──────── SUPPLIED RECORDS

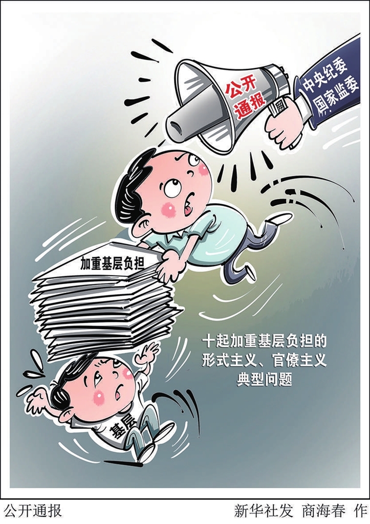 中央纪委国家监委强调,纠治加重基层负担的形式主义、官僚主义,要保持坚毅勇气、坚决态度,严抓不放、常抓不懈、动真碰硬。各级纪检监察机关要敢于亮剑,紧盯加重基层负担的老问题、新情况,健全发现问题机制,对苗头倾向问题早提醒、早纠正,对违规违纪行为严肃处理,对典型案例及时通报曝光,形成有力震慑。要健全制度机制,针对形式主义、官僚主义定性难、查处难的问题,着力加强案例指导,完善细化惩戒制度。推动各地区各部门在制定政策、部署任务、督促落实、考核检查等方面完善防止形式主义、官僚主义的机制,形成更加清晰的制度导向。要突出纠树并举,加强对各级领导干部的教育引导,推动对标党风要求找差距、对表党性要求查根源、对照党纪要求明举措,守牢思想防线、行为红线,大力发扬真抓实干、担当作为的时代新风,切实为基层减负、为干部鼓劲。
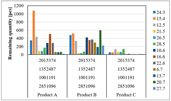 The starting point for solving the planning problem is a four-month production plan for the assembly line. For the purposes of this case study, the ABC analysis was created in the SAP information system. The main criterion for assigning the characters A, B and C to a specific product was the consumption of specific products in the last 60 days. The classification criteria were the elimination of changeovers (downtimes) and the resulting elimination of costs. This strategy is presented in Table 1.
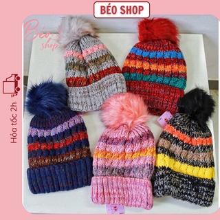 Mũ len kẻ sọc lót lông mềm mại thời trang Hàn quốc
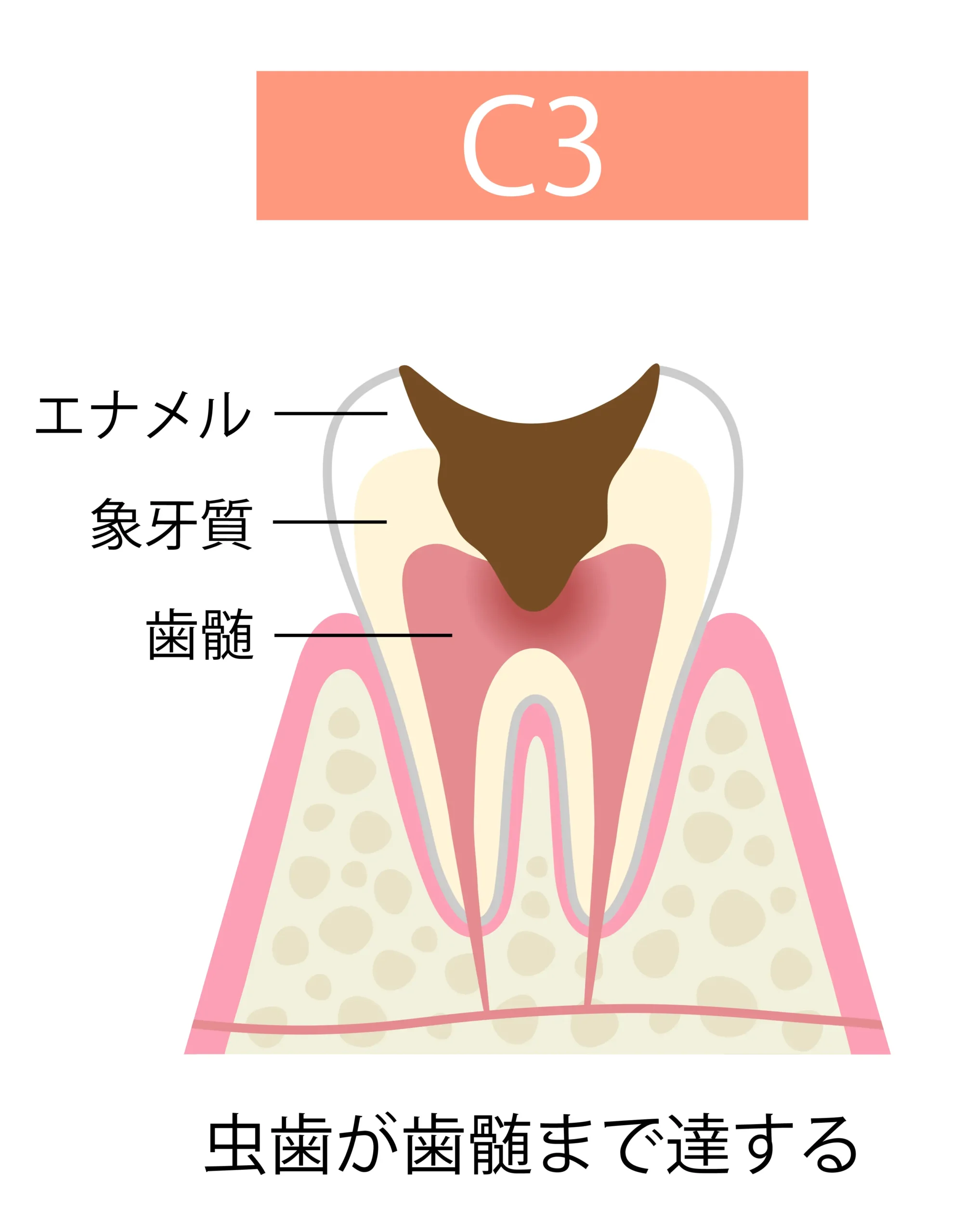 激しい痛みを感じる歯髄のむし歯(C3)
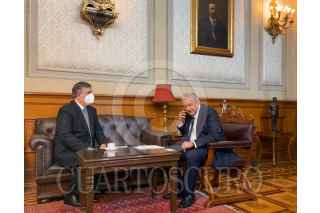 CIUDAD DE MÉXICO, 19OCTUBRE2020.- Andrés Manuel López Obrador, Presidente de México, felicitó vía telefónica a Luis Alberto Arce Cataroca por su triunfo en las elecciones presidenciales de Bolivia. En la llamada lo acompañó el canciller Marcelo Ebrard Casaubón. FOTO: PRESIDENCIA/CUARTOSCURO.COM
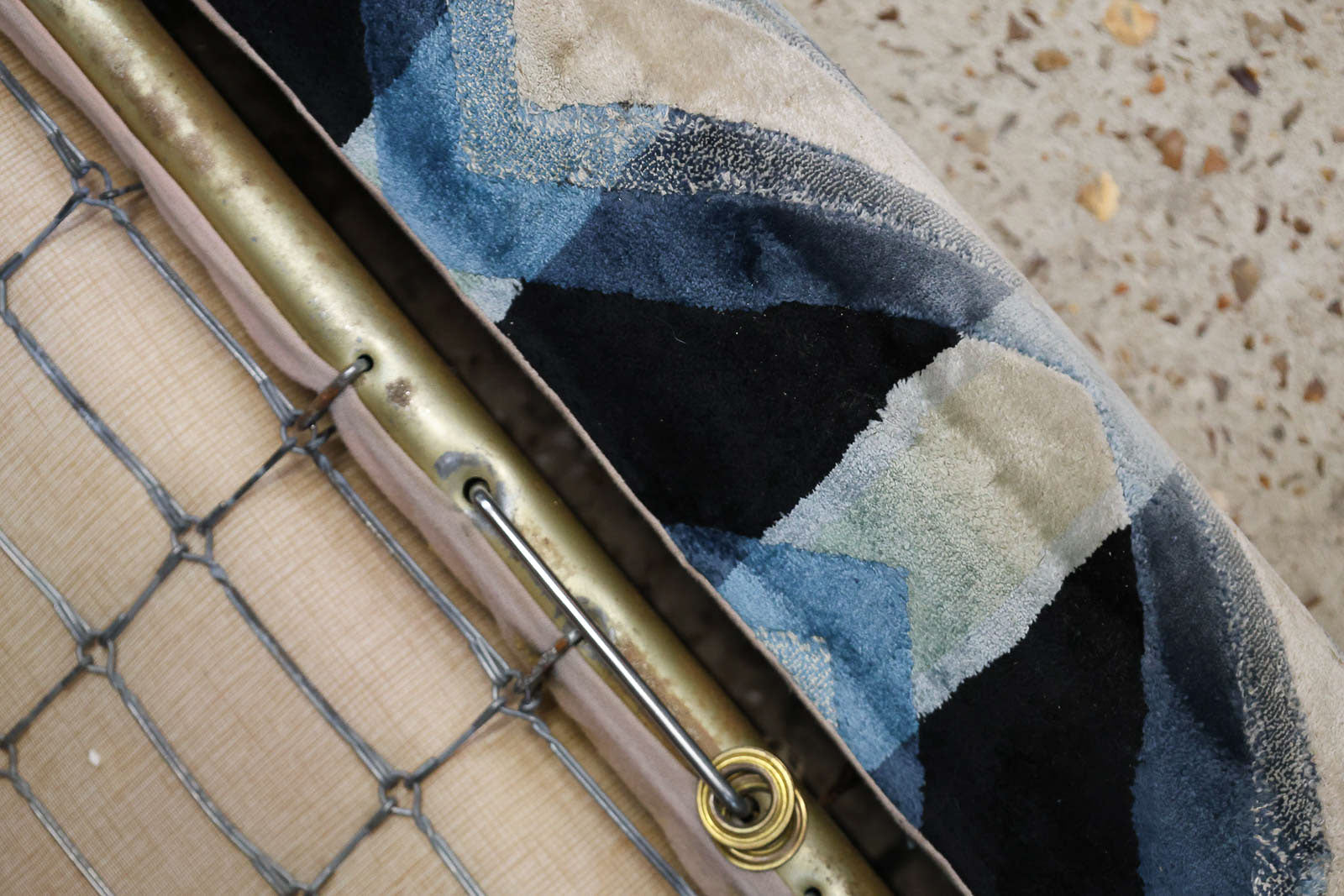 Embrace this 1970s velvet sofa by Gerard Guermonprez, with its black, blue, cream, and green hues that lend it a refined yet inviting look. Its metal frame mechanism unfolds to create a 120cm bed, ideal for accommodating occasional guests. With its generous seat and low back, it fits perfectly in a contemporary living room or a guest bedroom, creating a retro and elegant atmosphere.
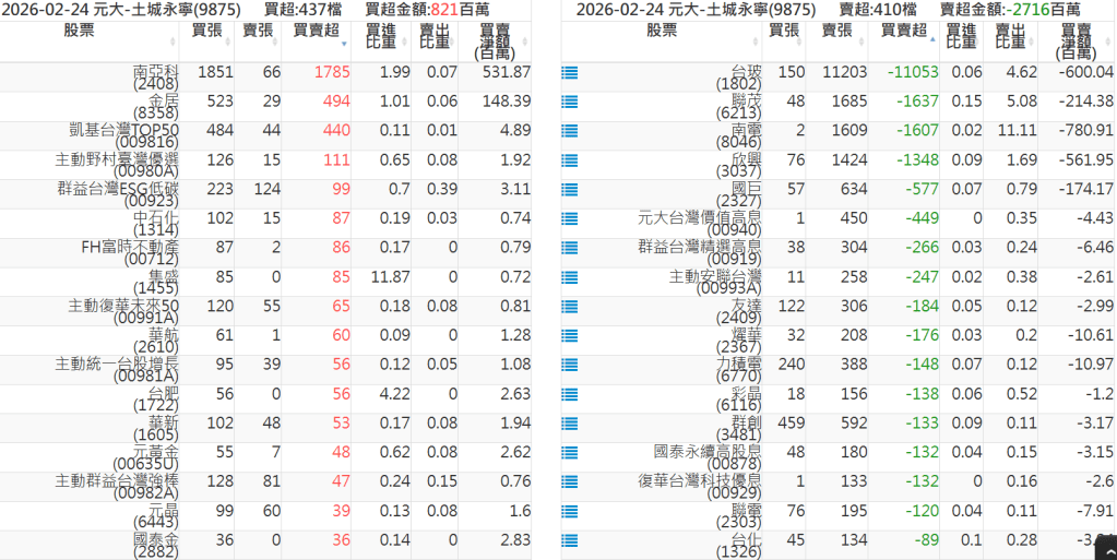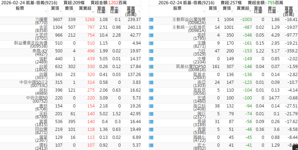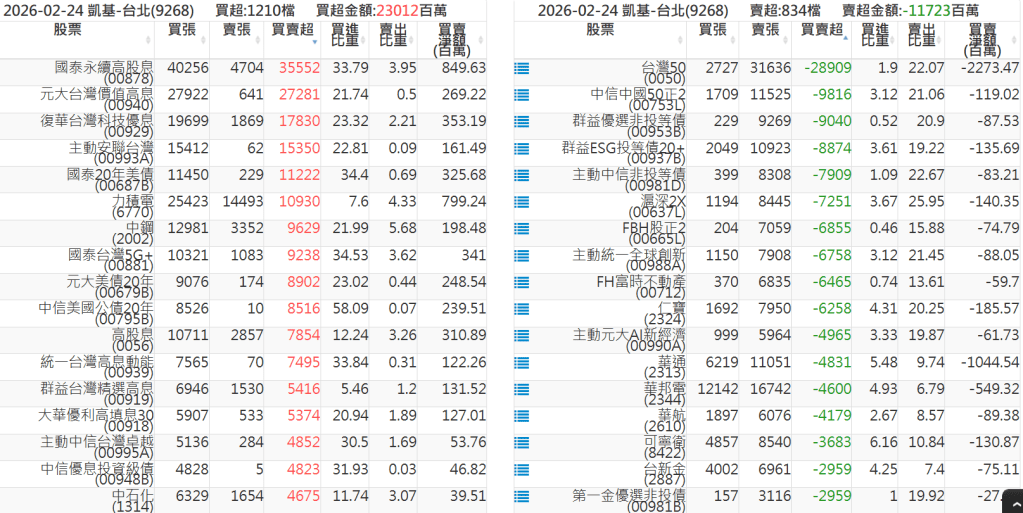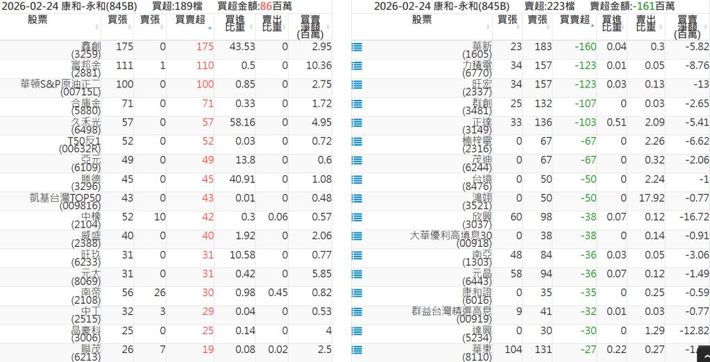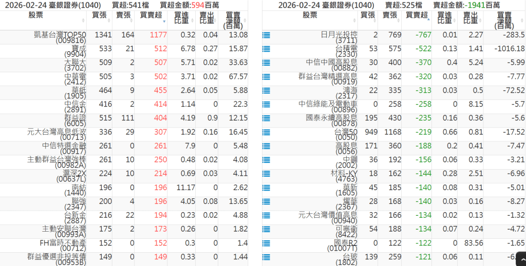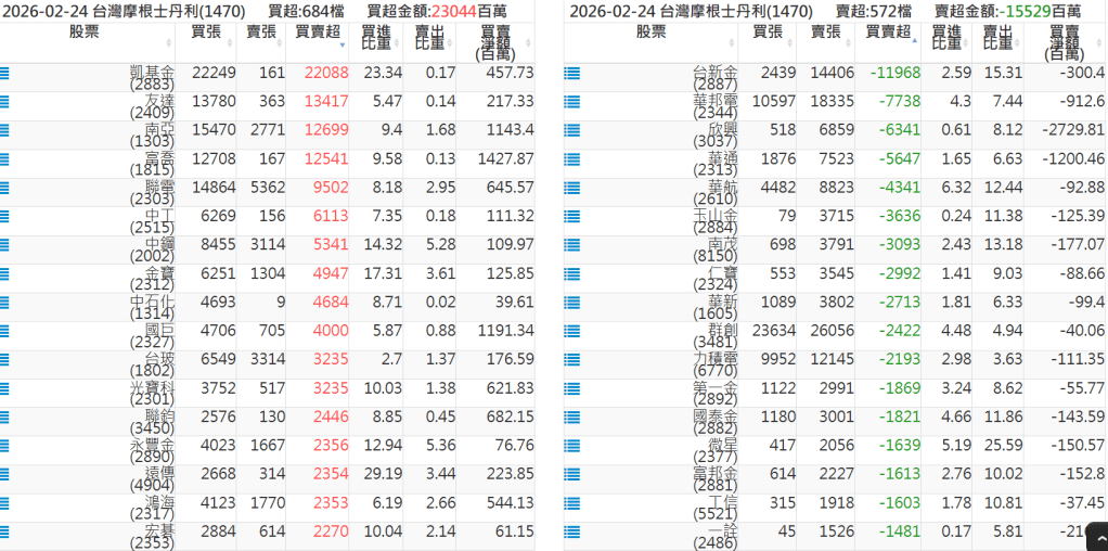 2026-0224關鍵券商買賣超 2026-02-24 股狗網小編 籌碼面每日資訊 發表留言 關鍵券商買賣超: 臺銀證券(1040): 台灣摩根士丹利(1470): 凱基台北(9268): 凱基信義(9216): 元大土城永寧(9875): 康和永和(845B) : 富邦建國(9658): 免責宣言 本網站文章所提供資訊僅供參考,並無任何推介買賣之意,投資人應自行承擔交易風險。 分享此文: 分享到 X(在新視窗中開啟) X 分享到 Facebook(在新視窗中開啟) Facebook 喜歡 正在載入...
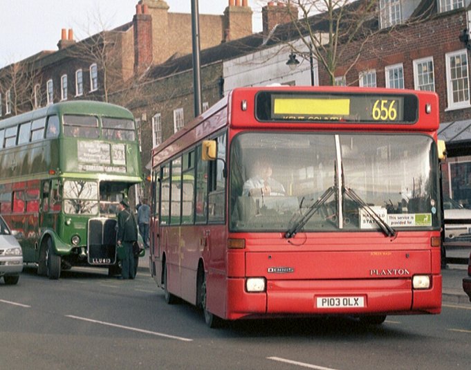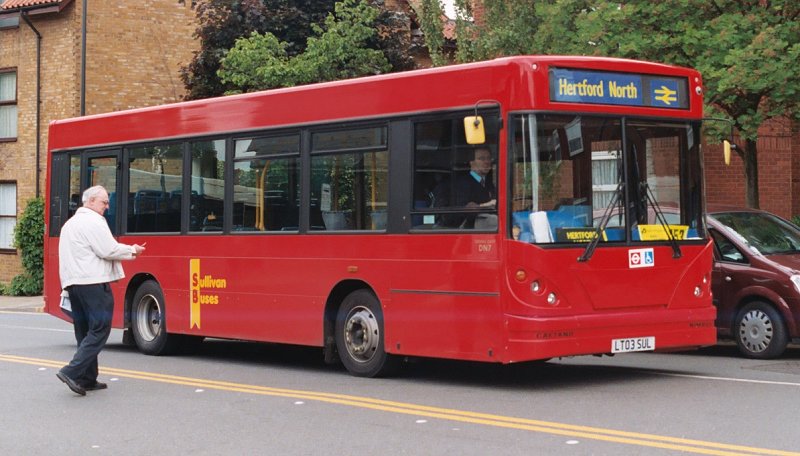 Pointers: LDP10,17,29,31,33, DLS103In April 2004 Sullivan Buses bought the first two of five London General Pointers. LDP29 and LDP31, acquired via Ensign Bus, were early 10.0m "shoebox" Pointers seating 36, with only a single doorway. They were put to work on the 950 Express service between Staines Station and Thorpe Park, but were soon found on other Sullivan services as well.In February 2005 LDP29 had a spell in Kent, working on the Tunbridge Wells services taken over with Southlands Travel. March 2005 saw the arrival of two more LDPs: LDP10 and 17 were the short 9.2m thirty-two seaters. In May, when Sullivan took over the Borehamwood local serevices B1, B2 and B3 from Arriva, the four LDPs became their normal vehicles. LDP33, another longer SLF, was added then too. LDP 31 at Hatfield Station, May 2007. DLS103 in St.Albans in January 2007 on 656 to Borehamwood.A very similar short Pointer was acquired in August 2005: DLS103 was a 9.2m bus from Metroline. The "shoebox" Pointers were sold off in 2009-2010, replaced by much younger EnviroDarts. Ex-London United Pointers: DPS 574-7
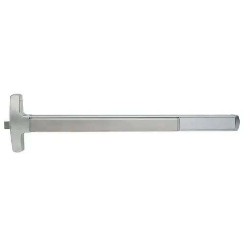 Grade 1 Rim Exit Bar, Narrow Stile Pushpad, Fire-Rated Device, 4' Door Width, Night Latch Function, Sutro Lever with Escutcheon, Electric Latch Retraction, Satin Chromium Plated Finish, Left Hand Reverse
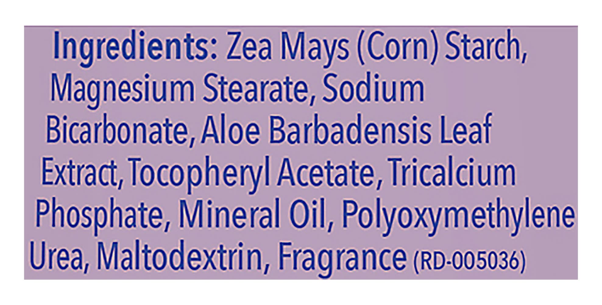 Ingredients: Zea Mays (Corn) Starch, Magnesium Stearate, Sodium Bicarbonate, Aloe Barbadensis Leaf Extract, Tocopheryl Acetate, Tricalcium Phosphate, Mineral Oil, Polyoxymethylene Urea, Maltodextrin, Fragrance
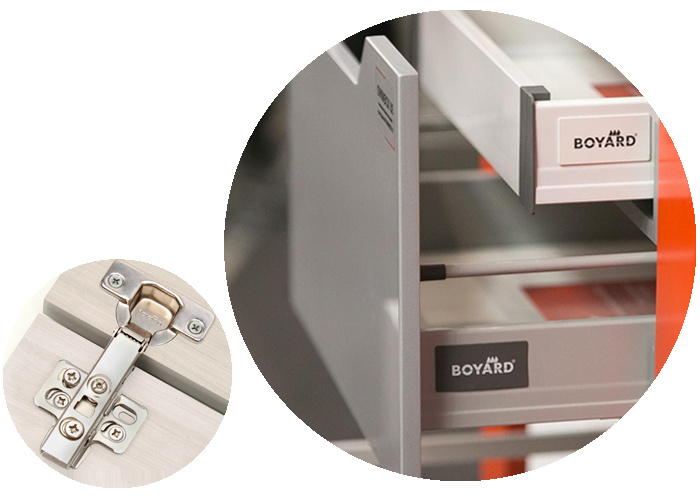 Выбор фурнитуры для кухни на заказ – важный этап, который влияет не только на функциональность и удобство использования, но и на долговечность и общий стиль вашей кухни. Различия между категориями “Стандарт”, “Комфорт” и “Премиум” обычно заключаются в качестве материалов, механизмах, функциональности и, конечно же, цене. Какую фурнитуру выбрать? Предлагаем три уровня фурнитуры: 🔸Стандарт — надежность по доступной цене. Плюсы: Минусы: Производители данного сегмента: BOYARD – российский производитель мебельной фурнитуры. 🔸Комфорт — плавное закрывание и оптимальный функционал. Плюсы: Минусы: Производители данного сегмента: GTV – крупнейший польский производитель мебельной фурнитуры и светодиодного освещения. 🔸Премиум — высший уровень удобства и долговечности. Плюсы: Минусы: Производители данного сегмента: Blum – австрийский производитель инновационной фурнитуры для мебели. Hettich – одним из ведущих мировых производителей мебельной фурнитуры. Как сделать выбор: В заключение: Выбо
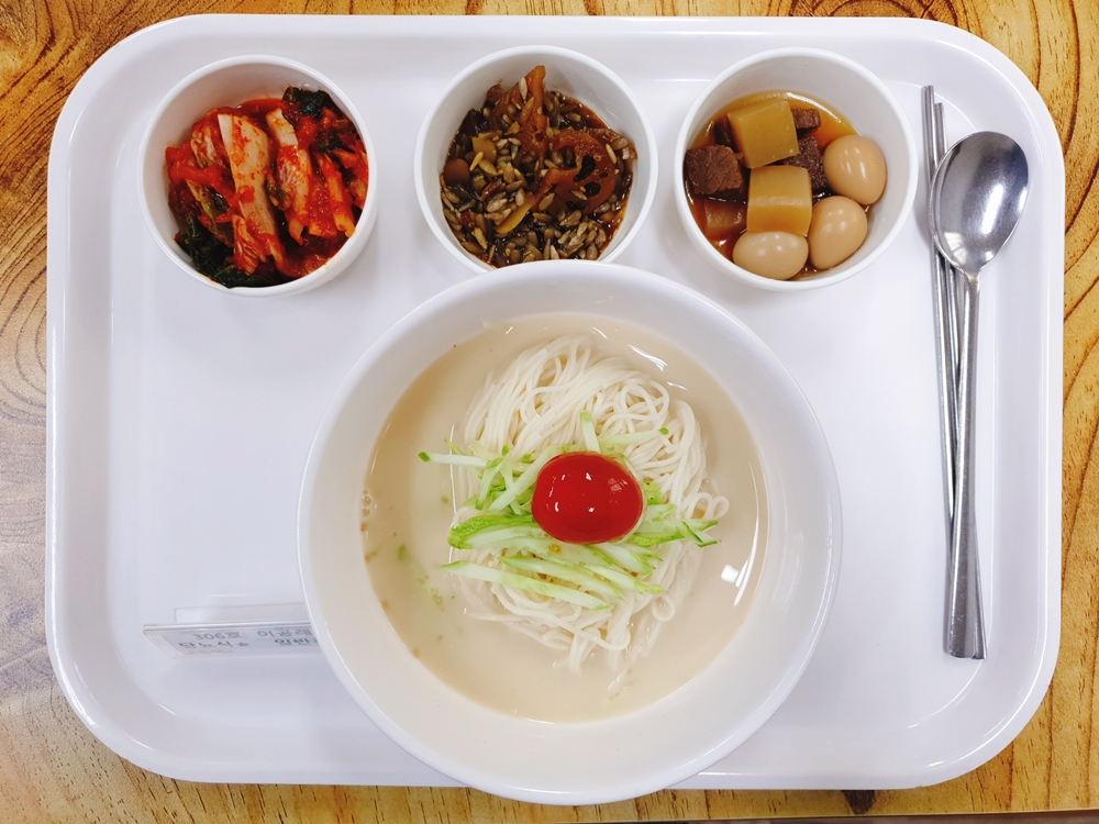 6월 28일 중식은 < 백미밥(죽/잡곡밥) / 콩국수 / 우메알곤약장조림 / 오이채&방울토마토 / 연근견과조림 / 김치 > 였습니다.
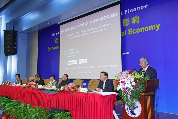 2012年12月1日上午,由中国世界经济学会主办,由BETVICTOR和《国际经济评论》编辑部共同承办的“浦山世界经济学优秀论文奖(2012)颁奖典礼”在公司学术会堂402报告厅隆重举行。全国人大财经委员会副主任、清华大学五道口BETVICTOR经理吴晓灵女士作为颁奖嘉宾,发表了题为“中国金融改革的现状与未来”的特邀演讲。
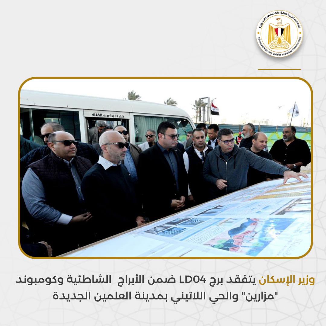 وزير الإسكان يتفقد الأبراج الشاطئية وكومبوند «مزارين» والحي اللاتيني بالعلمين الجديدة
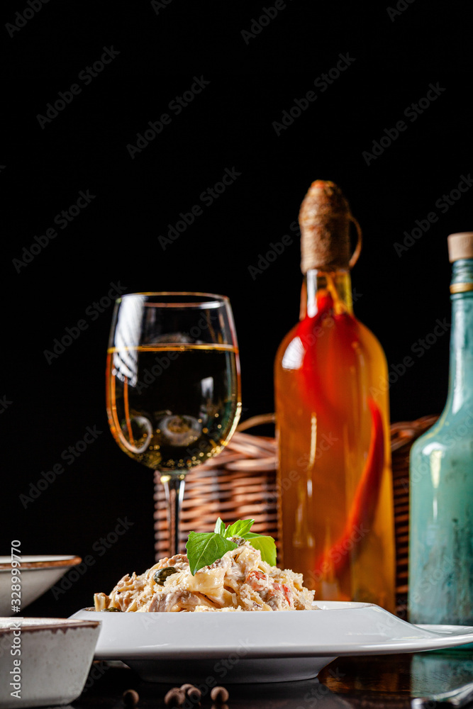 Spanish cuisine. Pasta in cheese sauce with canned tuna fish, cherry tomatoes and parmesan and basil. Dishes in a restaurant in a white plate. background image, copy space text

────────────────

Give the lines above again exactly, from the one containing "The starting point" to the one containing "Embrace this 1970s", both included, but leave out the pictures.

▸ **COMPLETED TASK**:
 The starting point for solving the planning problem is a four-month production plan for the assembly line. For the purposes of this case study, the ABC analysis was created in the SAP information system. The main criterion for assigning the characters A, B and C to a specific product was the consumption of specific products in the last 60 days. The classification criteria were the elimination of changeovers (downtimes) and the resulting elimination of costs. This strategy is presented in Table 1.
 Mũ len kẻ sọc lót lông mềm mại thời trang Hàn quốc
 激しい痛みを感じる歯髄のむし歯(C3)
 CIUDAD DE MÉXICO, 19OCTUBRE2020.- Andrés Manuel López Obrador, Presidente de México, felicitó vía telefónica a Luis Alberto Arce Cataroca por su triunfo en las elecciones presidenciales de Bolivia. En la llamada lo acompañó el canciller Marcelo Ebrard Casaubón. FOTO: PRESIDENCIA/CUARTOSCURO.COM
 Embrace this 1970s velvet sofa by Gerard Guermonprez, with its black, blue, cream, and green hues that lend it a refined yet inviting look. Its metal frame mechanism unfolds to create a 120cm bed, ideal for accommodating occasional guests. With its generous seat and low back, it fits perfectly in a contemporary living room or a guest bedroom, creating a retro and elegant atmosphere.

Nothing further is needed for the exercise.